All of our young people deserve a good quality education - schooling that prepares them for their working life, helps them to find a job or gives them the skills to start up their own business and contribute to the economy. A top-quality education should not only teach students key facts and figures, but also help them put them to practical use. In fact, the most important skills our children learn at school should be the practical application of the skills needed to succeed in the real world.
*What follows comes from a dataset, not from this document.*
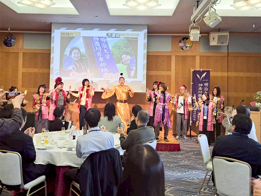 余興が終わったあとは、東部地区・松本顧問による閉会のご挨拶、校歌斉唱、全員での写真撮影で今年の東西地区父母交流会議は閉会となりました。今後も神奈川県の父母会を一緒に盛り上げて協力しながら、明治大学の学生の皆さんの支援・応援に取り組んでまいりたいと思います。

The issue we've got as a country at the moment is a lack of work-ready young people. In research carried out by Young Enterprise and Opinium, employers said that 70% of young people weren't prepared for employment. This figure is not going to drop if we continue to just measure the A*-C grade result for subjects such as maths and English. We all know that the number of students who achieve five A*-C grades says nothing about the number of children who can manage their money effectively or get a job. Important though they are, by measuring these results alone we're creating unintended consequences; we're saying to schools, forget life skills or getting ready for employment, just make sure your pupils hit the grades. And this approach is clearly failing at the moment as nearly 1 in 5 young people are facing the daunting prospect of unemployment.

So what should be factored into an Ofsted report? Our research has found that an effective education system needs to teach '5 key skills' - communication, teamwork, creativity, resilience and problem-solving - as well as the crucially important skills around financial education. It's always going to be difficult to assess the true effectiveness of our education system if we don't have good data about how our schools are performing on this front. If we taught these skills and could measure the outcomes, our children's prospects would be greatly improved. As one of our financial education students recently said: "It's stuff you need to know but you don't know you need to know it."

As I have said in a previous blog post, I believe that the first step towards teaching these five key skills is to bring together a board of education leaders - and business people - to form a long-term strategy for the future of education. Only then will we give ourselves the time and space to ask the really big, important questions, such as what is education for and how can we judge whether it's working? If we could come together to devise a long-term strategy, start teaching and measuring the things that really count in the lives of our children, then we could create an education system that's truly fit for the future.